To run the tutorial execute the driver script 'CaliCollision.py'

ipython3 CaliCollision.py

You will then be asked to give your initial guess of the upper limit of the normalized covariance $\sigma$. You could think of $\sigma$ as the error between the ground truth and your model prediction which could be 100% or even larger. In fact, GrainLearning tries to find the $\sigma$ that results in an effective sample size equal to a user-specified value, via the root-finding algorithm of the scipy library.

# user-defined parameter: upper limit of the normalized covariance coefficient
sigma = float(input("Give an initial guess of the upper limit of normalized covariance: "))
# target effective sample size specified by the user
ess = 0.3
obsWeights = [1.0]

Before entering the iteration loop of Bayesian filtering, provide the names of the unknown parameters and their upper and lower limits. They will be used only in the first iteration for generating uniformly distributed parameter samples, using the low-discrepancy sequence of Ghalton (see the advantage of low-discrepancy sequences over random numbers in here).

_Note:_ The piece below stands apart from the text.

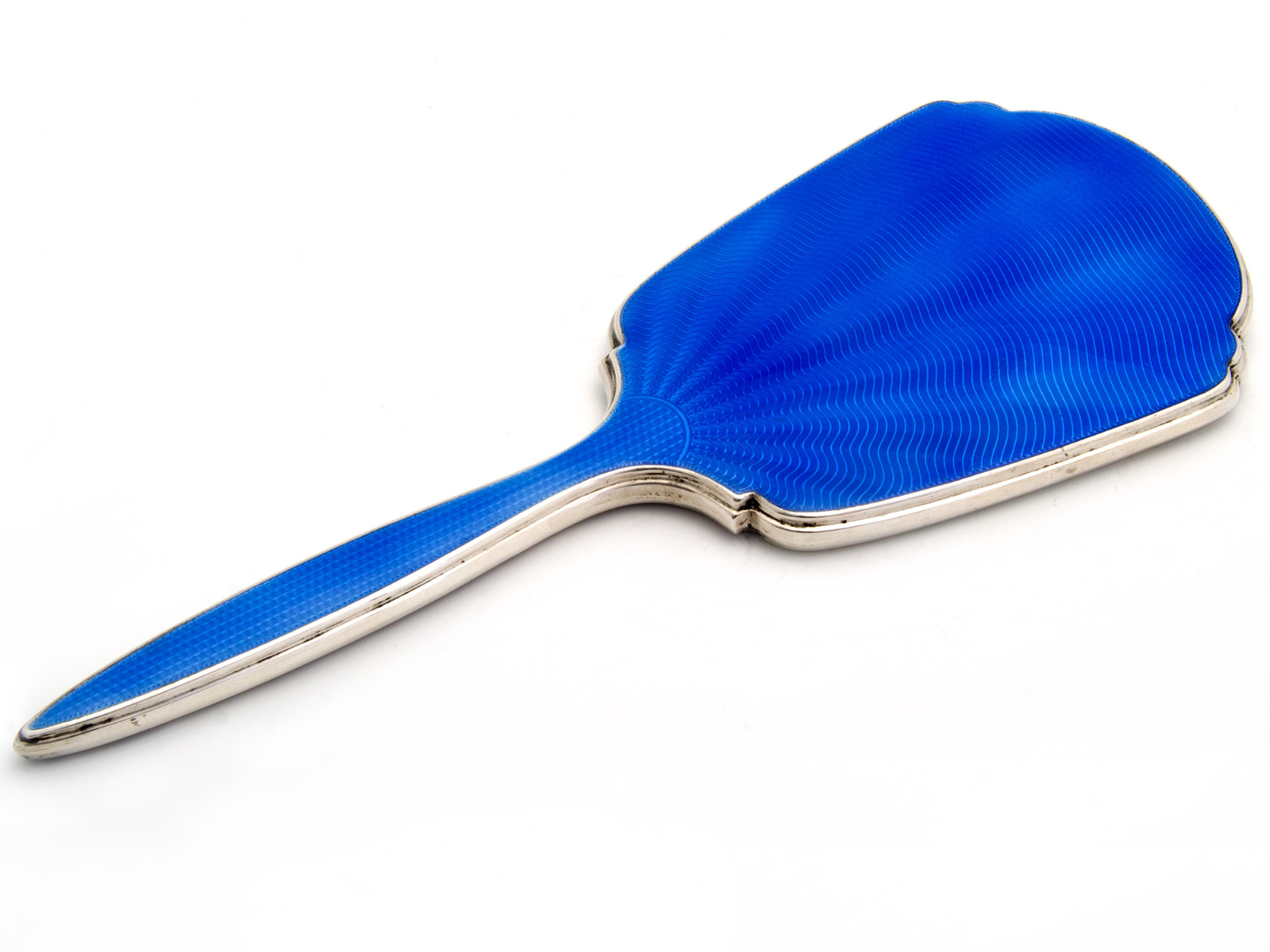 Silver Art Deco Style Blue Guilloche Enamel Hand Mirror

# give ranges of parameter values (E, \nu)
paramNames = ['E', 'nu']
numParams = len(paramNames)
# use uniform sampling for the first iteration
paramRanges = {'E': [10e9, 100e9], 'nu': [0.1, 0.5]}

For iterations after the first, parameter samples are drawn from the Gaussian mixture model that is trained at the end of the previous iteration. Although the Gaussian mixture model used here is nonparametric, it still requires hyper-parameters which are rough estimates of what the values of the actual parameters should be (e.g., the maximum number of Gaussian components is a parameter which itself is estimated during the training). For the technical details on the maximum of Gaussian components and the prior weight (weight_concentration_prior), see the documentation of the BayesianGaussinMixture class of scikit-learn. For demonstration purpose, we choose 10 for the sample size of a 1D problem (one unknown parameter) which in our experience seems to be enough to give reasonable results.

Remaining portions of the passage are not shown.